Source records
====
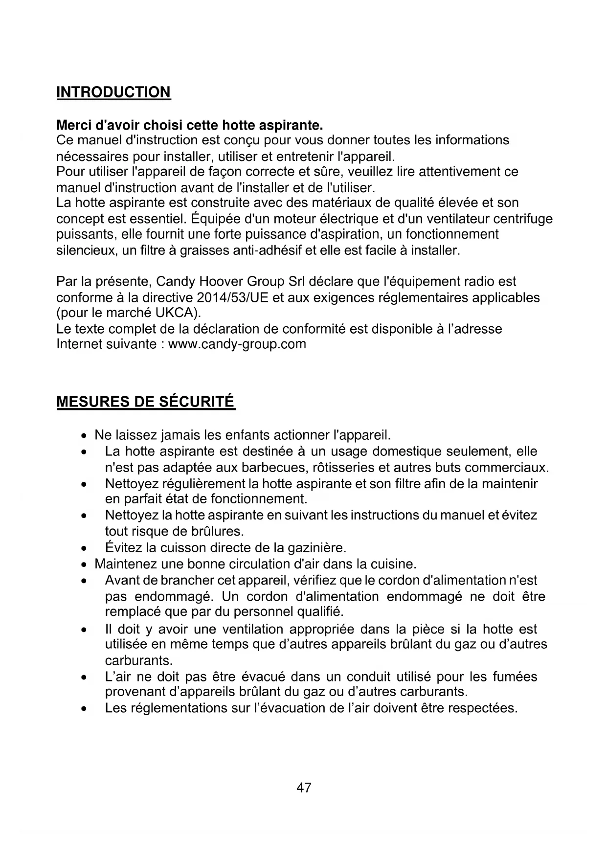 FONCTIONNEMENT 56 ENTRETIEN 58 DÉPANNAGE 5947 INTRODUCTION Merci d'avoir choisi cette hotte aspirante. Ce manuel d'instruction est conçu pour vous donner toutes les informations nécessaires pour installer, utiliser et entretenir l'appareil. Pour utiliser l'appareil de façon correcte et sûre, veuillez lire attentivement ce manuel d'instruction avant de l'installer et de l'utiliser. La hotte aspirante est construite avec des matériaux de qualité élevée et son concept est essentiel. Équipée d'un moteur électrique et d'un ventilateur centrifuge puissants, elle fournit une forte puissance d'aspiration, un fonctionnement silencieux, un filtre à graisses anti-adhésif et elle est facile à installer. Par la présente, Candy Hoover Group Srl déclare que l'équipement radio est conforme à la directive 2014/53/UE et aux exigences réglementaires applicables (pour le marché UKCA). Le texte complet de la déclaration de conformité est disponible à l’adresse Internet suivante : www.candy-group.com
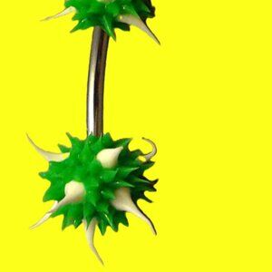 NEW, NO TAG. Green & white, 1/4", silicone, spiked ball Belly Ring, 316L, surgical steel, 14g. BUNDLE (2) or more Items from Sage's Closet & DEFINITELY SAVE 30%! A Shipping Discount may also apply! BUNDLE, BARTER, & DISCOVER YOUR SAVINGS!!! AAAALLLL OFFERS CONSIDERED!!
====
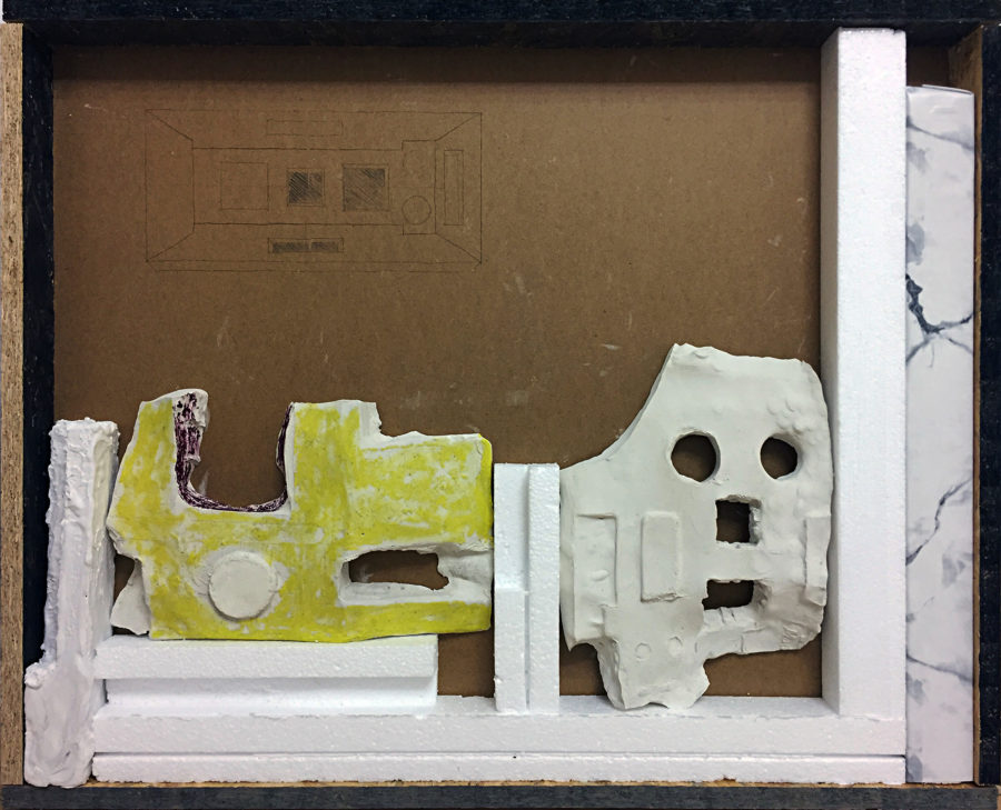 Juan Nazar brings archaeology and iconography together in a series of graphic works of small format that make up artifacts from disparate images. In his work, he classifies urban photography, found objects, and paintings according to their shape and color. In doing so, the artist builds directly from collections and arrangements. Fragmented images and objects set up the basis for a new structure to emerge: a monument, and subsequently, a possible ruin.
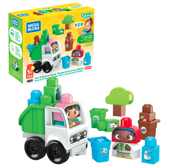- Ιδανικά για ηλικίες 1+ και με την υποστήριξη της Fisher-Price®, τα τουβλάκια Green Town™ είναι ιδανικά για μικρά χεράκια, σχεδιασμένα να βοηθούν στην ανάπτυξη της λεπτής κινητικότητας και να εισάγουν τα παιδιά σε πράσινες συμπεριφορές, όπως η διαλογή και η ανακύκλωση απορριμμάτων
====
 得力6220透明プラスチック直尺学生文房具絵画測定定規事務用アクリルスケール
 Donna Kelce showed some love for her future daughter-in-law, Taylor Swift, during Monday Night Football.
====
Taking the entries above, write out exactly the lines starting with the line containing "得力6220透明プラスチック直尺学生文房具絵画測定定規事務用アクリルスケール" and going on through the line containing "Donna Kelce showed", both included, and nothing else.

Solution to the exercise
 得力6220透明プラスチック直尺学生文房具絵画測定定規事務用アクリルスケール
 Donna Kelce showed some love for her future daughter-in-law, Taylor Swift, during Monday Night Football.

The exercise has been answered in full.